DO your little doggies like to peer out of your windows during the day? My doggie LOVESSSSSSSSSSS to sit and watch the birdfeeder! She will walk up to the glass door and put one paw on the glass (like she is waving to them). She goes 'APE' over squirrels...and isnt too sure what she thinks of the neighborhood canines. I understand a new sheepdog just moved in across the street (that will appear as a dinosaur version of her self). heehe


----------



## doctorcathy (May 17, 2004)

lol, thats cute. well, we have petstairs in front of the window so that the dogs can look outside---and gruffi uses it.







i dont know why---but he does. lol. they bark at dogs and people walking in the paseos. i let them bark twice and then i tell them "ok, thats enough, no bark" and if they bark again, i squirt them with the water bottle.


----------



## glamourdog (Apr 17, 2004)

we bought 2 matching footstools from Kirklands to put on both sides of our door.

This is where our girls spend most of their days.









Of course they have to both sit on the same side, the younger one has to know what her older sister is looking at at all times.


----------



## LoveMaltese6820 (Apr 12, 2004)

Glamourdog, that's adorable!

Casper only likes looking out the door or windows if another of our dogs is doing it. He has to see what's going on! When the dogs smush their noses up to the door it leaves little wet prints. So I have big nose prints (Golden Retreiver), medium nose prints (Basset Hound), and tiny ones from the Maltese.


----------



## doctorcathy (May 17, 2004)

CUTE!!!!!!!!!!


----------



## LexiAndNikkisMom (Apr 13, 2004)

Glamour Dog they are so cute!


----------



## Maxismom (Mar 24, 2004)

i live on the second floor so i am scared to let him look out the window on his own but i will pick him up so he can see out


----------



## ilove_d&m (Apr 7, 2004)

At our other apartment , before we moved, we used to have a hugh window so the girls used to go upstairs to the bedroom get on the bed and look out for a long time, they bark at anything and anyone passing by. 

where we live now the only place they can lookout is in our bedroom on top of our bed but the view is the top of othe townhomes and the skye an the top or trees so they dont really espend too much time there. I need to get them a footstool so I can place by other windows for them.


----------



## Toby's Mom (May 7, 2004)




----------



## TikisMom (Jul 22, 2003)

Tiki loves to look outside. 

I love the idea of the foot stools, I have the same kind of windows at my front door. I currently have lace curtins on them so Tiki will press his face into them to see out.... then he will bark and huff until someone picks him up and holds the curtin aside so he can see out.

Judi


----------



## Brinkley & Neyland's Mom (Jun 14, 2004)

Brinkley sits at the back sliding glass door some, and at the front glass door if the big door is open...but he doesn't seem to really care too much.

What he REALLY loves is to hang his head out the window in the car!

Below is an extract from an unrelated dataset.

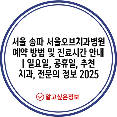 서울 송파 서울오브치과병원 예약 방법 및 진료시간 안내 | 일요일, 공휴일, 추천 치과, 전문의 정보 2025

That has got to be a sight to others passing! I usually just do this when we are toodling around town running errands because it has been so hot. The other day on the way to puppy class...it was almost an hour drive and 90+ degrees....must have the AC on! So I did not roll the windows down. He was very upset about it. He kept getting up to look out the window..I guess to see if I had changed my mind...he would press his nose to the glass...look at me and "huff"....and then collapse back in my lap again. Poor baby!


----------



## Boom Boom's Mom (Jul 27, 2004)

My bed (and pillows) are right underneath the window. Boom likes to lay there and watch and see whats goin on outside.

If he wants me up but I refuse to get up he'll lay on my head like a hat and still look outside. He fell asleep for about 2 hours the other day on my head.


----------



## Brit'sMom (Aug 18, 2004)

LOL that is so cute

My Mom's dog, Cisco (he is really mine but she stole him







) is a window hound! He reminds me of a cat. he will just lay in the windowsill and watch the world go by... that is untill someone he doesn't like (not sure why) walks by then he turns into crazy deranged dog and puts snot all over the window!

LOL but Brit can't even reach the window! LOL but she is getting a lot more inquisative (sp?







)!


----------